● Instructions to follow: The answer is the full listing below, copied exactly, with its pictures omitted.

● Provided material:
---+---
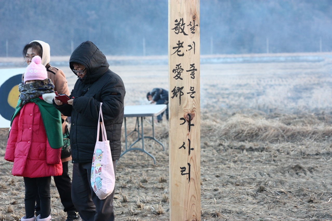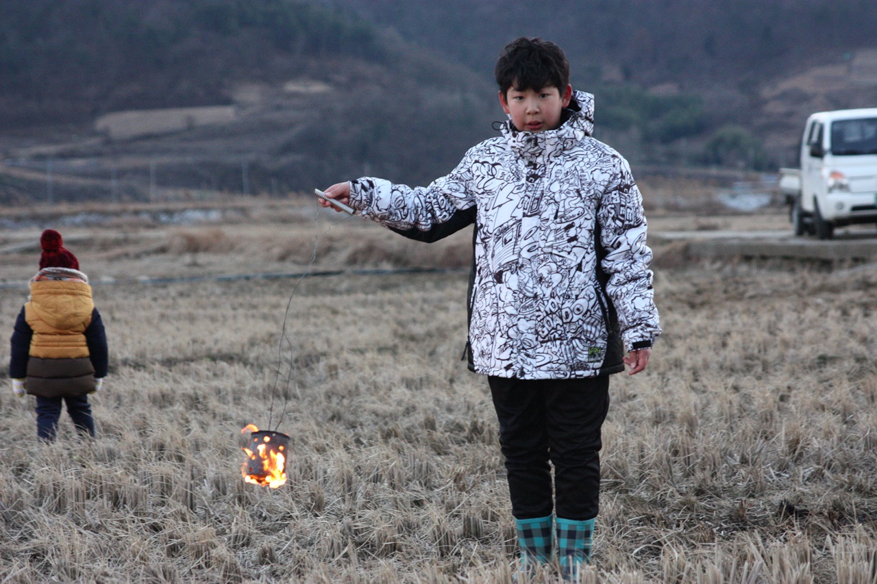 이날 다채로운 행사가 열렸다. 배고팠던 어린 시절을 회상하는 밀떡구워먹기, 연날리기, 쥐불놀이, 볏짚에 소원태우기, 활쏘기등등. 마지막 하이라이트를 장식한 달집태우기는 장관을 이뤘다. 새끼줄에 소원지를 매단 달집에 횟불을 들이대자 활활 타오른 불은 불춤을 췄다. 마치 나라의 액운을 삼키듯 한참동안 불놀이에 넋을 잃었다. 액운은 영영가고 저마다의 소원은 꼭 이루어지리라.
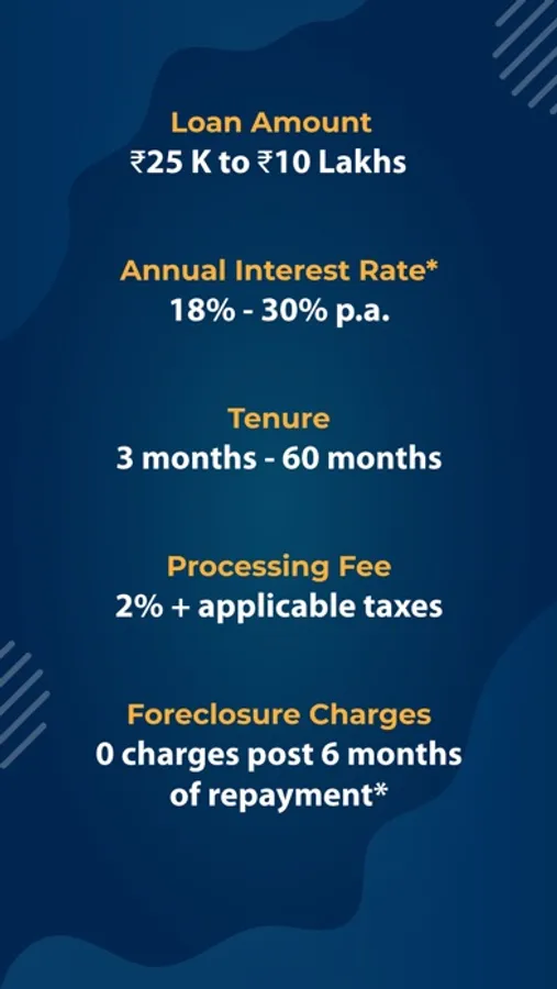 At LoanTap, we give loans between INR 25,000 to INR 10,00,000. Our Interest Rates start from 18% and go up to 30% per annum depending upon products, personal circumstances, credit assessment procedures and other related factors. We charge processing fees at 2%+ applicable taxes; on the gross loan amount sanctioned.
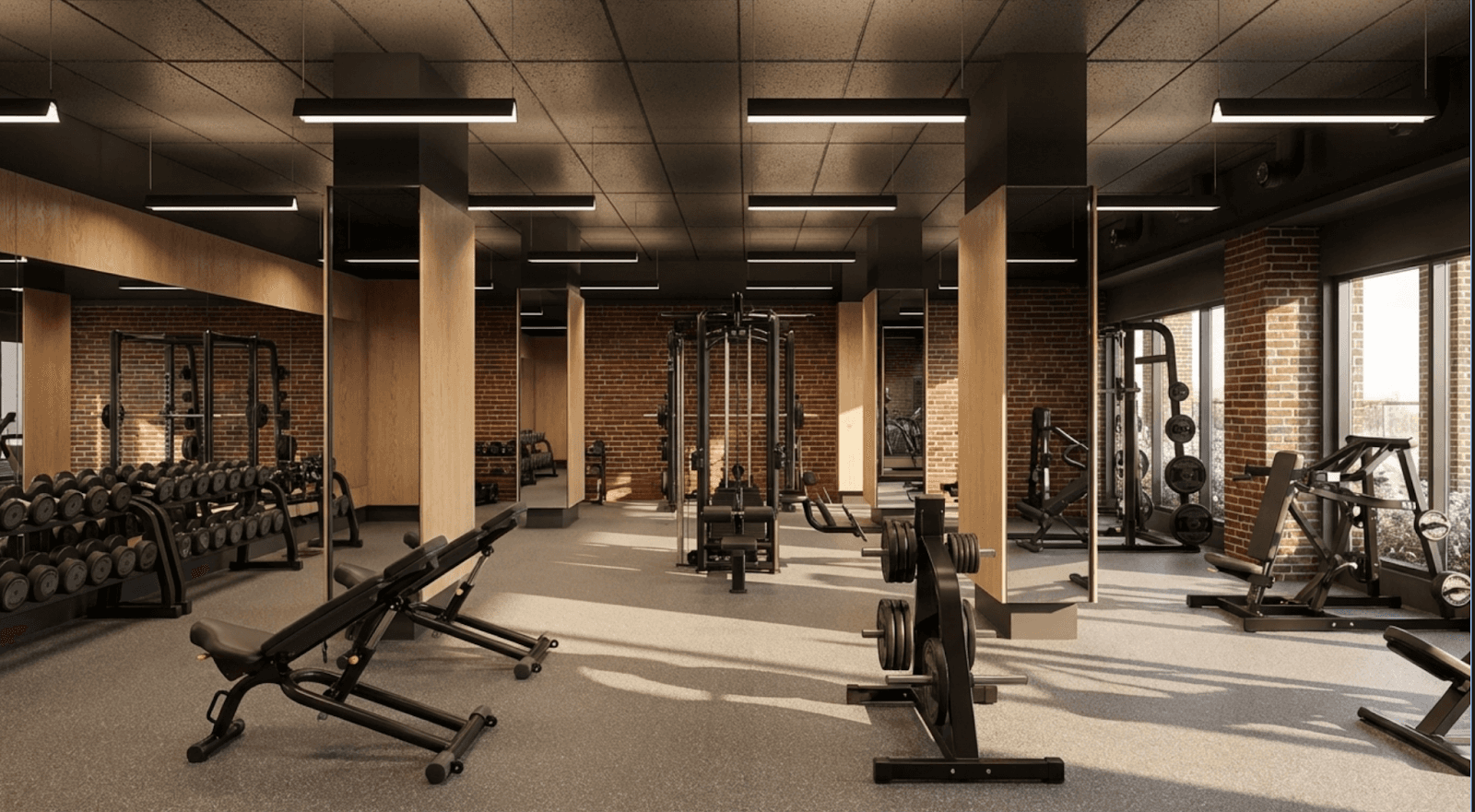 The new gym will be organized into two distinct rooms to better serve our multigenerational community. The entry room is dedicated to cardio and light movement, while the second room focuses on strength, functional training, and stretching. This layout is designed to improve flow and circulation, starting with a practical arrival area at the entrance featuring cubbies and coat storage for residents.
---+---
● Exercise response:
 이날 다채로운 행사가 열렸다. 배고팠던 어린 시절을 회상하는 밀떡구워먹기, 연날리기, 쥐불놀이, 볏짚에 소원태우기, 활쏘기등등. 마지막 하이라이트를 장식한 달집태우기는 장관을 이뤘다. 새끼줄에 소원지를 매단 달집에 횟불을 들이대자 활활 타오른 불은 불춤을 췄다. 마치 나라의 액운을 삼키듯 한참동안 불놀이에 넋을 잃었다. 액운은 영영가고 저마다의 소원은 꼭 이루어지리라.
 At LoanTap, we give loans between INR 25,000 to INR 10,00,000. Our Interest Rates start from 18% and go up to 30% per annum depending upon products, personal circumstances, credit assessment procedures and other related factors. We charge processing fees at 2%+ applicable taxes; on the gross loan amount sanctioned.
 The new gym will be organized into two distinct rooms to better serve our multigenerational community. The entry room is dedicated to cardio and light movement, while the second room focuses on strength, functional training, and stretching. This layout is designed to improve flow and circulation, starting with a practical arrival area at the entrance featuring cubbies and coat storage for residents.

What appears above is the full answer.